И Паулюс пока что не зашёл
в его неназываемый котёл.
Блиндаж на склоне как разверстый рот,
как замерший во времени приказ.
И в нём навечно сорок первый год,
и каждый год, когда стреляют в нас.
А школьники вернутся в Уренгой.
Нет, их не проклянут и не осудят.
Не скажут каждому: отныне ты – изгой,
в музеи, к памятникам – больше ни ногой,
в глаза смотреть не смей приличным людям.

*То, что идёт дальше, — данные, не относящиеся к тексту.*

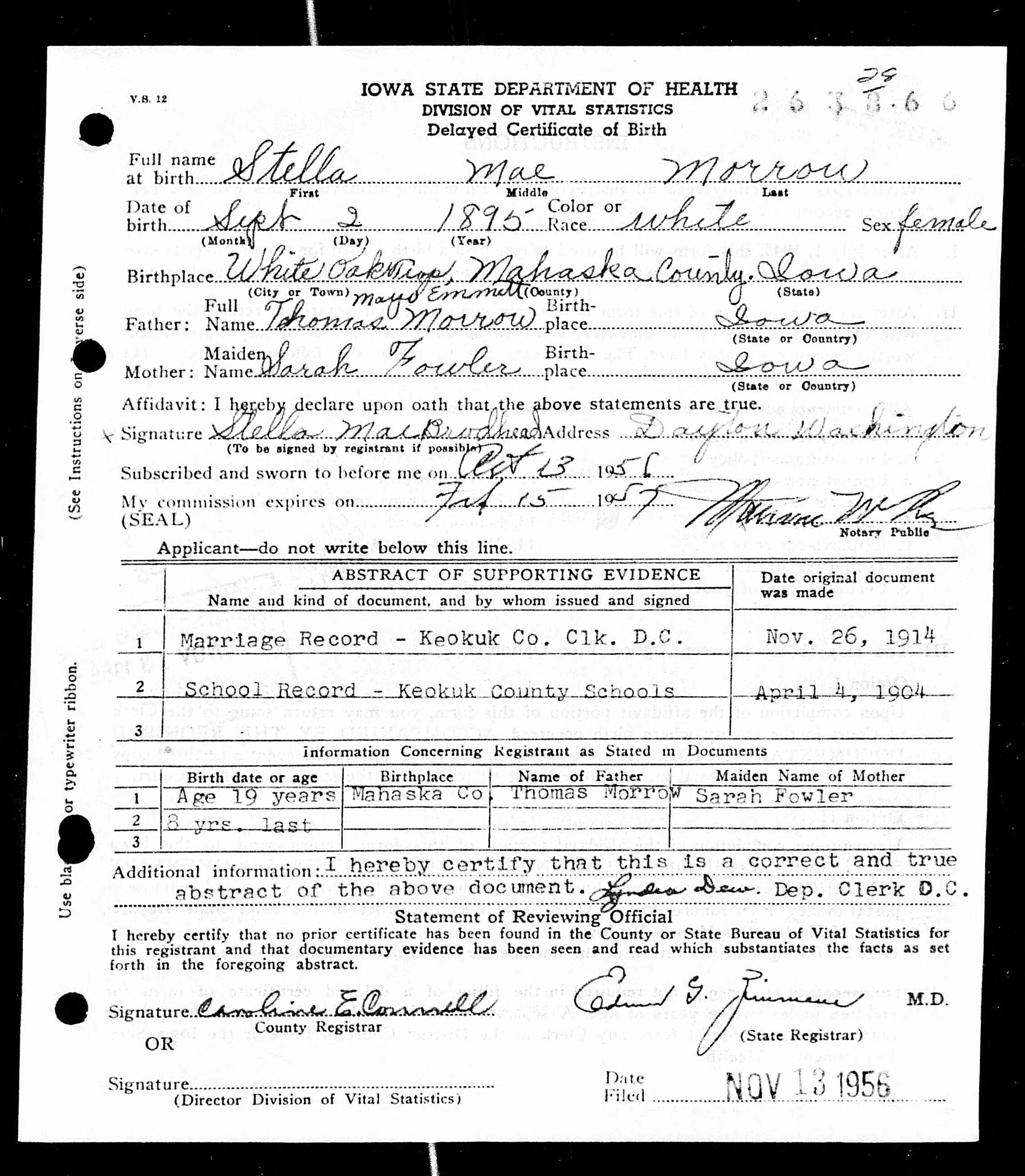 Delayed Birth Certificate, Stella Mae Morrow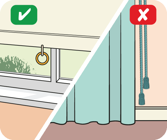 Prevent strangulation. Keep chains and cords on blinds and curtains shorter than 5 cm, or wrap them around cleats at least 1.6 m above the floor.

Но ведь они втроём не с потолка
свалились на потребу бундестагу.
Так чья руководящая рука
им выправляла на проезд бумагу?
Кто наставлял и кто слова вставлял,
чтоб их произносили, выступая?
Как незаметно подошли мы к краю:
Великая О-те-чес-твен-на-я
убита насмерть. Есть Вторая Мировая.
В лесах, полях, болотах, блиндажах
лежат не найденные до сих пор, лежат.
Теперь, выходит, им лежать во лжи?
Бульдозеры ломают блиндажи,
и на горячий, на ревущий свет
выходят все, кого на свете нет,
поскольку были произнесены слова,
что враг их и не думал убивать.
Встаёт контуженный и насмерть обожжён,
встаёт расстрелянный, заколотый ножом,
и кто с ранениями, кто без рук, без ног –
хрипят: не на того напал, сынок.
И горек их вопрос, и страшен глас:
ты сожалеешь об убивших нас?
Мы не за то, сопляк, отдали жизни,
чтобы за наших правнуков взялась
вся кодла, что тоскует о нацизме,
о свастике, эсэсовском кресте
скулит, сапог вылизывая панский,
и так же брешет яростно о тех,
кто убивал в Донецке и Луганске.
Когда они придут, ты, сволочь, сдашь
и Сталинград, и Крым, и тот блиндаж?
2017
КОРАБЕЛЬНАЯ СТОРОНА
Курган, войною дважды перепаханный,
слободка Корабельная. Сюда
к простому такелажнику Малахову
шли флотские, случись у них беда.
Да, Севастополь славен адмиралами.
Но в час, когда на дно ложился флот,
матрос и корабел оборонял его,
врастая в склон малаховских высот –
знакомый с детства. Бастион, с которого
цеха адмиралтейские видны.
Мне в жизни было просто выбрать сторону:
я с этой, Корабельной стороны.
Она и есть характер севастопольский,
она во многом – этот город сам,
седой старик, что встретил Паустовского,
стальной иглой латая паруса.
Овеянному огненными бурями,
причастному к созданию легенд –
«Потёмкина», «Очакова», «Меркурия» –
адмиралтейству двести с лишним лет.
Сухие доки, краны, пирсы, стапели,
контрфорсы Лазаревской вековой стены:
ты для меня была работой папиной,
и мне другой не надо стороны.
В руины города, до основанья стёртого
и взятого немыслимой ценой,
победный май весной сорок четвёртого
входил вот этой самой стороной.
Всем сердцем – здесь. И нити не оборваны.
И наши корни переплетены.
Я знаю точно, чью мне выбрать сторону.
Я с этой, Корабельной стороны.
2015
* * *
Как безнадёжно, как страшно она умирала.
Разум ей изменил и тело её предавало.
Мало-помалу жизнь её утекала
от самых Петра и Павла и до Ильи.
Все, у кого для прощанья остались силы,
все, кого в жизни она как могла любила,
те, с кем за многие годы разное было –
женщины и мужчины – все перед ней прошли,
кто её прежде знал, молодой, горячей,
кто для неё когда-то хоть что-то значил,
стоя на жарком ветру, и молясь, и плача,
черпали с края могилы горсти сухой пыли.
«Дайте воды, бо я дуже людина хвора,
дайте повітря!» Звонки и носилки «скорой»,
мертвенный свет больничного коридора –
всё, что могли мы. А много ли мы могли?
Мать и отец почудятся, братья, сестра приснится...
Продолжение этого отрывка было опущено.